Greaves Cotton Ltd is beginning to reap the benefits of a decade-long diversification drive, sharply reducing its reliance on diesel engines for three-wheelers as it transforms into a broader engineering and industrial solutions company.

The company’s dependence on three-wheeler engines has fallen from around 80% of its business a decade ago to just over a quarter now, chief executive officer Parag Satpute said, as businesses spanning gensets, mechanical cables, electric motors and engine exports have gained scale.

The Karan Thapar group-backed company is now looking for acquisitions and joint ventures to expand into sectors including defence, aerospace, auto components and energy solutions.

The broader mix of businesses gives multiple growth engines.

“We believe this portfolio can grow organically between 16% and 18% (in revenue) over the next few years,” Satpute told Mint.

Greaves Cotton reported consolidated revenue of 3,437 crore in FY26, up 18% from the previous year. Ebitda rose 76% to 240 crore, while consolidated profit attributable to the owners of the company nearly doubled to 107 crore.



Beyond engines

Greaves has reorganized its core operations under its Greaves. Next strategy into three business verticals—mobility solutions, energy solutions and industrial solutions—marking a shift away from its earlier structure, which broadly split the business into automotive and non-automotive operations.

“Earlier we had a business split of just auto versus non-auto, with auto at 80%,” said Satpute, who took the top job in April last year.

Besides its core engineering businesses, Greaves also owns Greaves Finance, an electric vehicle financing subsidiary, and Greaves Electric Mobility, the maker of electric two- and three-wheelers, which is preparing for a public market listing.

Mobility solutions, now the company’s largest business, contributes about two-thirds of revenue. Alongside its legacy diesel three-wheeler engine business, the segment includes compressed natural gas () engines and motors for three-wheelers, mechanical cables made through Excel Controlinkage, acquired in 2023, and diesel engine exports to French company Ligier, which manufactures small cars.

Energy solutions, which contributes about a quarter of revenue, is also evolving beyond diesel generator sets. The company aims to provide consulting services for large industrial projects before eventually designing hybrid power systems for industrial applications.

“We are not just a genset producer anymore—we have committed to becoming a full energy solutions provider. Look at Cummins’ share price, look at Kirloskar’s—that is the space we are competing in,” Satpute said.

Industrial solutions, the smallest of the three businesses at roughly a tenth of revenue, focuses on engines for agricultural, marine and industrial applications.

Lessons from disruption

The strategy is also intended to make Greaves less vulnerable to industry downturns and regulatory shocks.

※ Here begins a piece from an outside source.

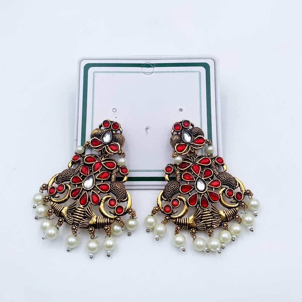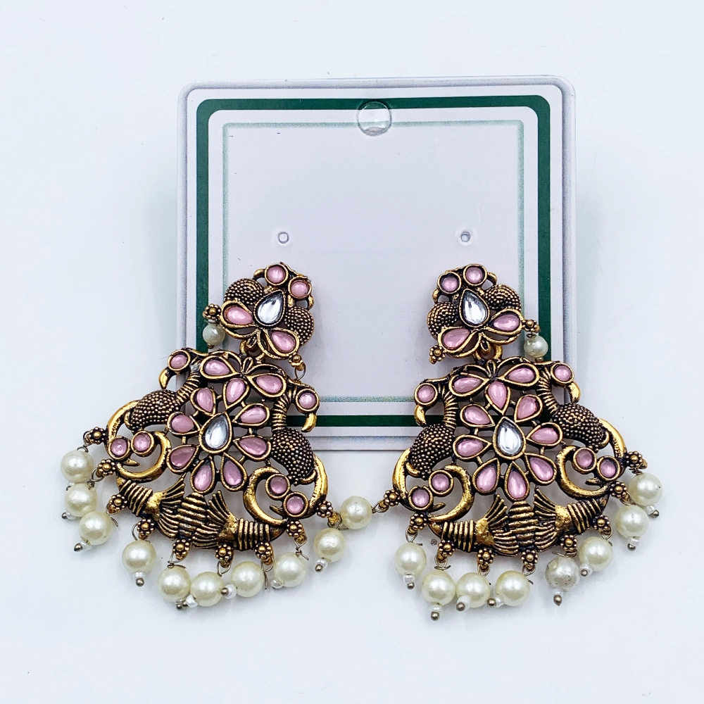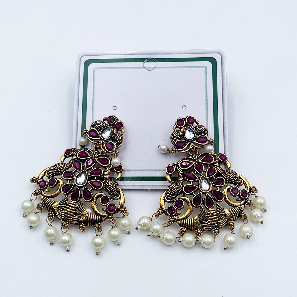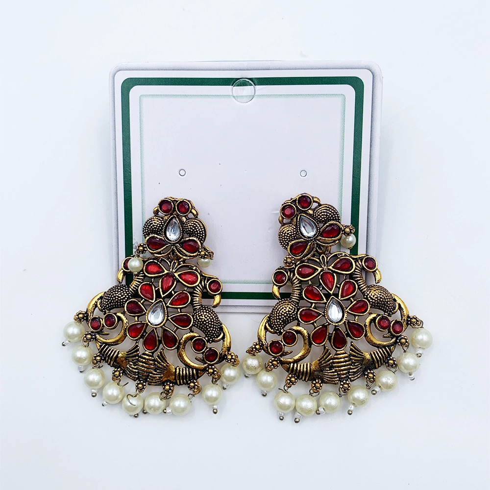 Arira Antique Gold finish green stone earings with small white pearls

That vulnerability became evident in 2020, when India skipped Bharat Stage V emission norms and moved directly to Bharat Stage VI standards. Demand for three-wheelers fell sharply as higher costs hit the market, while a significant portion of demand shifted to electric powertrains, hurting Greaves’ core business.

With a broader portfolio across products, services and industries, Satpute said the company expects to be better positioned to withstand future regulatory changes and demand cycles.

“GCL has a significant presence in non-automotive sectors (such) as agriculture, construction, marine industries, gardening, micro-irrigation, railways and defence,” analysts at Share India noted on Friday. “We believe non-automotive segments would continue to remain strong and will reduce seasonality impact for the company in the medium-term.”

EV drag remains

While Greaves’ core businesses have stabilized, its IPO-bound electric mobility business continues to weigh on profitability.

The Ampere brand, once among India’s leading electric scooter makers, has slipped to the sixth position in the market.

“Although GCL’s Ebitda margins improved to ~7% in FY26, it continues to be much lower than the historical 14-15% as the continued losses in the e-mobility business have dragged down the overall profitability of the company,” Share India analysts noted. “Margins improvement was largely driven by enhanced performance in the Ampere business where Ebitda margins expanded from -30% in FY25 to -20% in FY26.”

Greaves Cotton shares closed 2.14% lower on the BSE on Friday at 226.25 apiece, giving the company a market capitalization of 5,270 crore. The stock has gained about 17% since the beginning of 2026.